Keep every word of the listing and drop the images when you write it out.

*** Block opens ***

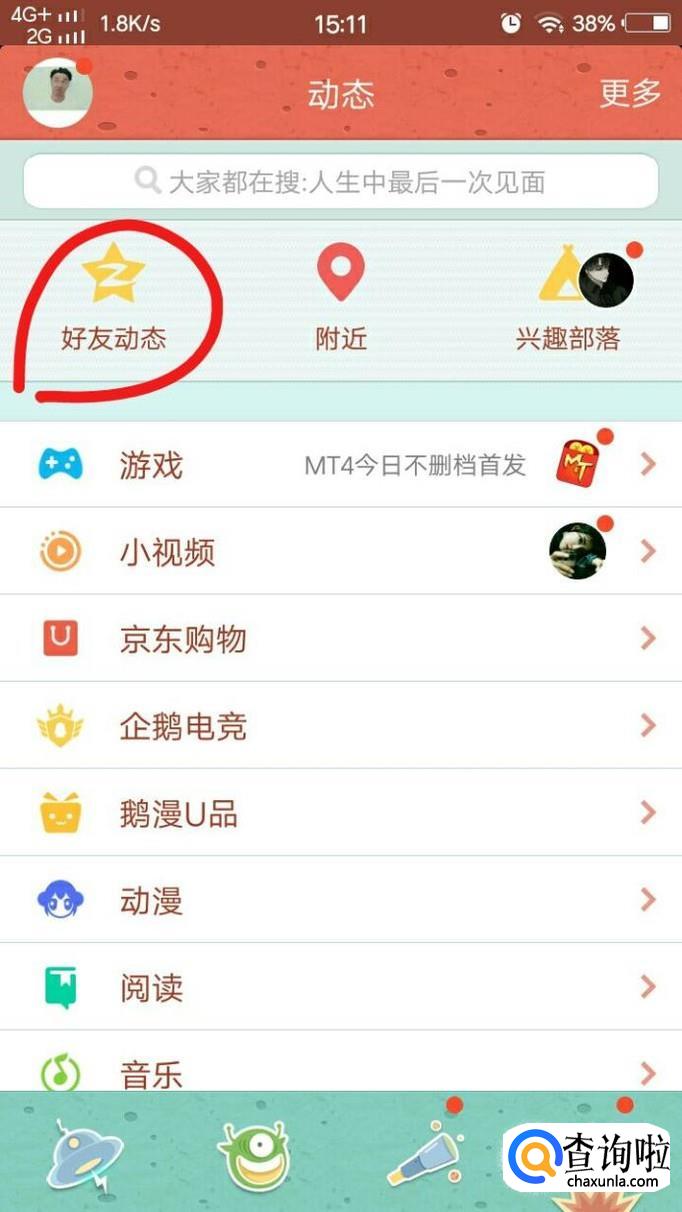 接着,点击“好友动态”,进入到好友动态的相关页面。
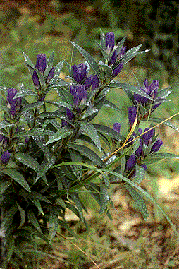 [生薬名] 竜胆(りゅうたん) [特徴] 青紫色の花が美しく、秋の野に咲く花として親しまれ、切り花としても人気がある。根は苦く、竜の胆(きも)といわれるほど。 [薬用部と薬効] 根――健胃 [採取と用い方] 秋に根を掘り、水洗いし、日干しにして粉末にしたものを食後すぐ服用したり、漢方薬に処方する。
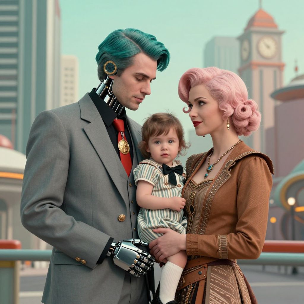 This is a digitally rendered, semi-realistic CGI image depicting a family of three in a retro-futuristic urban setting. The father, with teal hair and cybernetic enhancements, wears a grey suit with a red tie and black gloves. The mother, with pink, curled hair, dons a brown, Victorian-style dress with intricate embroidery. They hold a toddler with brown hair, dressed in a striped, white and green outfit with a black bow. The background features tall buildings and a clock tower, with soft, pastel colors. The family stands close together, gazing affectionately at each other.
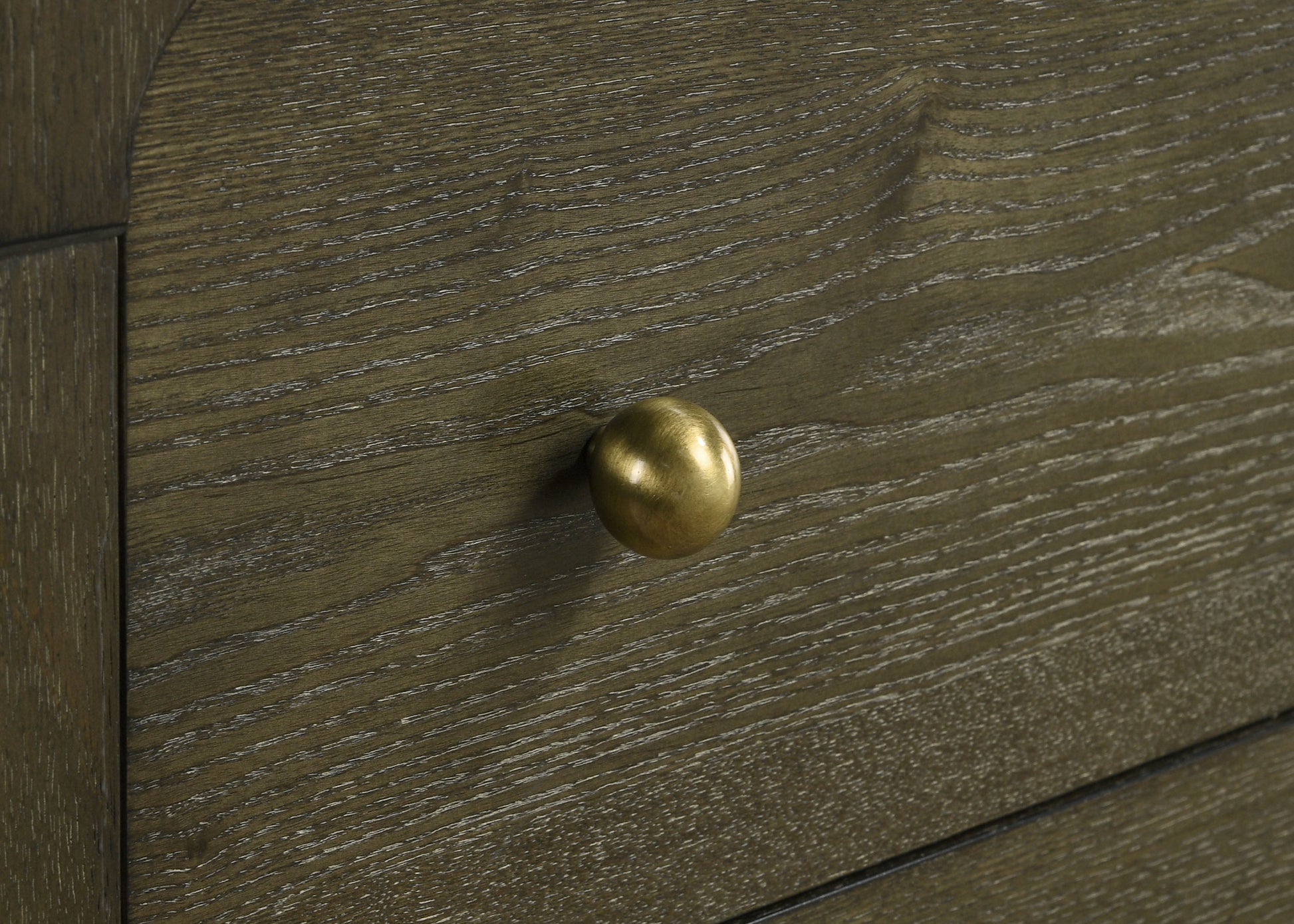 • Brass knobs add polished contrast to the bedside silhouette
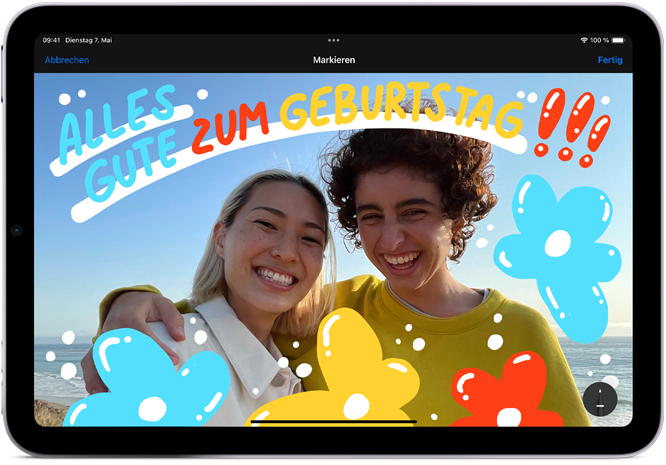 Der Apple Pencil Pro liefert noch mehr magische Möglichkeiten fürs Umsetzen deiner Ideen. Mit fortschrittlichen Features wie Druck, Rotation und dem haptischen Feedback kannst du intuitiver als je zuvor kommentieren, dir Notizen machen und ein Meisterwerk erstellen. Die Apple Pencil Schwebefunktion zeigt dir eine Vorschau davon, wo genau der Apple Pencil Pro das Display berühren wird.1 Du kannst zweimal tippen, um schnell zwischen Tools zu wechseln. Wenn du ihn zuhause oder unterwegs mal verlegt hast, findest du ihn ganz einfach in der „Wo ist?“ App. Und der Apple Pencil Pro koppelt, lädt und haftet magnetisch an der Seite deines iPad.

*** Block closes ***

▸ Task solution
 接着,点击“好友动态”,进入到好友动态的相关页面。
 [生薬名] 竜胆(りゅうたん) [特徴] 青紫色の花が美しく、秋の野に咲く花として親しまれ、切り花としても人気がある。根は苦く、竜の胆(きも)といわれるほど。 [薬用部と薬効] 根――健胃 [採取と用い方] 秋に根を掘り、水洗いし、日干しにして粉末にしたものを食後すぐ服用したり、漢方薬に処方する。
 This is a digitally rendered, semi-realistic CGI image depicting a family of three in a retro-futuristic urban setting. The father, with teal hair and cybernetic enhancements, wears a grey suit with a red tie and black gloves. The mother, with pink, curled hair, dons a brown, Victorian-style dress with intricate embroidery. They hold a toddler with brown hair, dressed in a striped, white and green outfit with a black bow. The background features tall buildings and a clock tower, with soft, pastel colors. The family stands close together, gazing affectionately at each other.
 • Brass knobs add polished contrast to the bedside silhouette
 Der Apple Pencil Pro liefert noch mehr magische Möglichkeiten fürs Umsetzen deiner Ideen. Mit fortschrittlichen Features wie Druck, Rotation und dem haptischen Feedback kannst du intuitiver als je zuvor kommentieren, dir Notizen machen und ein Meisterwerk erstellen. Die Apple Pencil Schwebefunktion zeigt dir eine Vorschau davon, wo genau der Apple Pencil Pro das Display berühren wird.1 Du kannst zweimal tippen, um schnell zwischen Tools zu wechseln. Wenn du ihn zuhause oder unterwegs mal verlegt hast, findest du ihn ganz einfach in der „Wo ist?“ App. Und der Apple Pencil Pro koppelt, lädt und haftet magnetisch an der Seite deines iPad.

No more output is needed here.